Fast-food franchise McDonald’s ran out of milkshakes and bottled drinks in outlets across England, Scotland and Wales last week, while coffee chain Costa has seen supplies of panini and decaffeinated coffee beans affected.
Other big names including Greggs, Nando’s, KFC, Co-op and Iceland have also been hit by supply issues.
Britain’s departure from the European Union has contributed to a massive fall in the number of lorry drivers available to move goods, as have rising wages in their home countries, according to the boss of Tesco.
JD Wetherspoon founder Tim Martin was a vocal supporter of Brexit, and his pubs promoted the idea of the UK leaving the EU to drinkers during the referendum campaign.
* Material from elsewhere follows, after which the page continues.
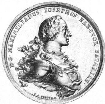
KÖNIGREICH POLEN. August III., 1733-1763. Goldmedaille zu 50 Dukaten o. J. (1759), auf seine 3. Tochter, Maria Anna von Polen und Sachsen und ihren Gemahl, Maximilian III. Josef, Kurfürst von Bayern. Vorzüglich.

Images shared on social media showed notices apparently put up in one Wetherspoon pub this week warning customers of a shortage of certain beers.
Graham Hughes shared a photo on Twitter of a sign that said: “We regret to inform you that we are out of stock of Carling, Coors and Bud Light.
“Due to supply issues regards to lack of lorry drivers and strike action which are out of our control [sic].”
JD Wetherspoon spokesman Eddie Gershon confirmed the chain was experiencing supply issues.
He said in a statement: “We are experiencing some supply problems with both Carling and Coors, which means that some pubs do not have the products available.
“We apologise to our customers for any inconvenience caused.
“We know that the brewers are trying to resolve the issue.”
The Road Haulage Association (RHA) has estimated that up to 20,000 HGV drivers from the EU left during the Brexit process – adding to a crisis which has left the country short of around 100,000 lorry drivers overall.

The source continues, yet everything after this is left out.